Losing a lot of net worth sucks a bit, but more important I am needing to take a hard look at my current investment strategy and needing to make some adjustments after some expensive lessons.
Investment Goals and Foundation
So I’ve actually had to ask myself a confusing question over this weekend – am I trying to maximize my wealth in terms of USD/HKD or in JPY?
And investment strategies can actually differ quite a bit depending on which.
For the past 3 years, my assets in HKD terms decreased by HK$300k (HKD2.3M -> HKD2M), but my assets in JPY terms actually increased by ¥7M yen (¥32M -> ¥39M).
So did my wealth shrink or expanded?
And if I had to choose – my HKD assets can stay constant while JPY rise, or HKD assets rise while JPY stay constant, which one will I choose?
I finally had the answer when looking at property prices in Tokyo.
The home I want to buy probably cost around ¥10M in 2020 – HK$7M back then.
Now it costs around ¥14M – but also around HK$7M (well 7.5M as of this moment after the crazzzzzy USDJPY slide)
So seems like the thing I’m most concerned about which is Japan home prices, tends to stay stable in terms of USD instead of JPY.
Meaning if USDJPY rise, home prices rise. USDJPY fall, home prices fall.
And in the long term, I think structually USDJPY will rise anyways, so my final answer is, choosing HKD as my base makes more sense.
So I’ve already lost in the past 4 years in that sense – having assets drop by 300k.

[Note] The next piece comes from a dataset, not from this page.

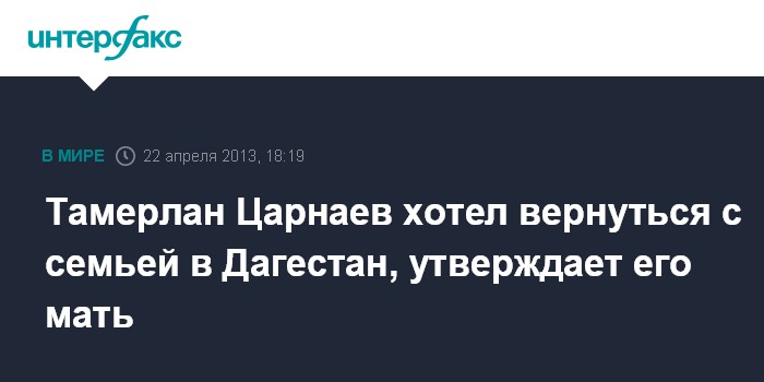 Вашингтон. 22 апреля. INTERFAX.RU - Тамерлан Царнаев, подозреваемый в осуществлении терактов в Бостоне, хотел переехать из США в Дагестан, сообщила его мать Зубейдат Царнаева американским СМИ.

I want to make it up now by positioning myself in the place that will increase my HKD assets in the long term.
US Equity
With that said, US equity is the easiest to manage.

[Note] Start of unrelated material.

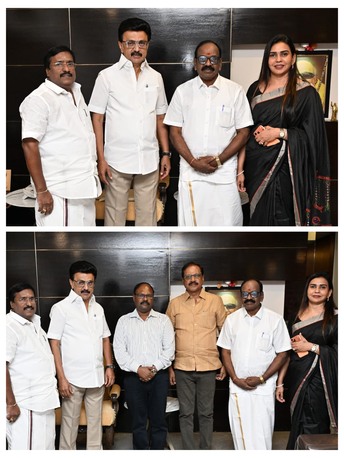 கழகத் தலைவர் மாண்புமிகு தமிழ்நாடு முதல்வர் அவர்கள் முன்னிலையில் புதுச்சேரி மங்கலம் தொகுதியை சேர்ந்த திரு. ரங்கன் அவர்களும் அவரது மகள் திருமதி. பிரியா, ஜே.கே. ராதாகிருஷ்ணன் மற்றும் முன்னாள் அரசு அதிகாரி திரு. யஸ்வந்தய்யா உள்ளிட்டோர் சென்னையில் உள்ள முதல்வர் முகாம் அலுவலகத்தில் தங்களை திராவிட முன்னேற்றக் கழகத்தில் இணைத்துக்கொண்டனர். அருகில் புதுச்சேரி மாநில திமுக அமைப்பாளரும் சட்டமன்ற எதிர்க்கட்சித் தலைவருமான திருமிகு இரா. சிவா அவர்கள் உள்ளார்

When US stocks drop, it’ll automatically take up a smaller portion of my portfolio which in turn reduce my risks.
I can even buy back a little bit with sideline cash so that when it goes back up I can eat up the extra shares.
Same thing on the way up – the portion increase naturally which in turns exposes me to too much risk and I’ll have to trim which becomes profit taking.

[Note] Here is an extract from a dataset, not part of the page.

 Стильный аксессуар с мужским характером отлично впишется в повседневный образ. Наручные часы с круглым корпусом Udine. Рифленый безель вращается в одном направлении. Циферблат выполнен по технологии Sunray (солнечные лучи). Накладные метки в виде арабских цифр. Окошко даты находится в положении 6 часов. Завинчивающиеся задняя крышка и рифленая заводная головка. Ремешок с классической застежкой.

So I am not worried whether it goes up or down and I can profit either way as long as the long-term trend is up.
JP Equity
This is a bit more tricky. If the stock goes up but yen goes down, then it mitigates the gain in my HKD-based portfolio, and vice-versa.
So given that I have decided that I will be looking at my portfolio HKD based, I will consider the yen movement and the stocks as a pair and make adjustments accordingly.
If yen rises but stock plunges beyond that (which is what’s happening), then it’ll act as like US stock going down and it’ll automatically reduce the % portion and I can buy back.
So in that sense unfortunately if JP stocks gain a lot but USDJPY also rise substantially, in my perspective there isn’t going to be much of a gain.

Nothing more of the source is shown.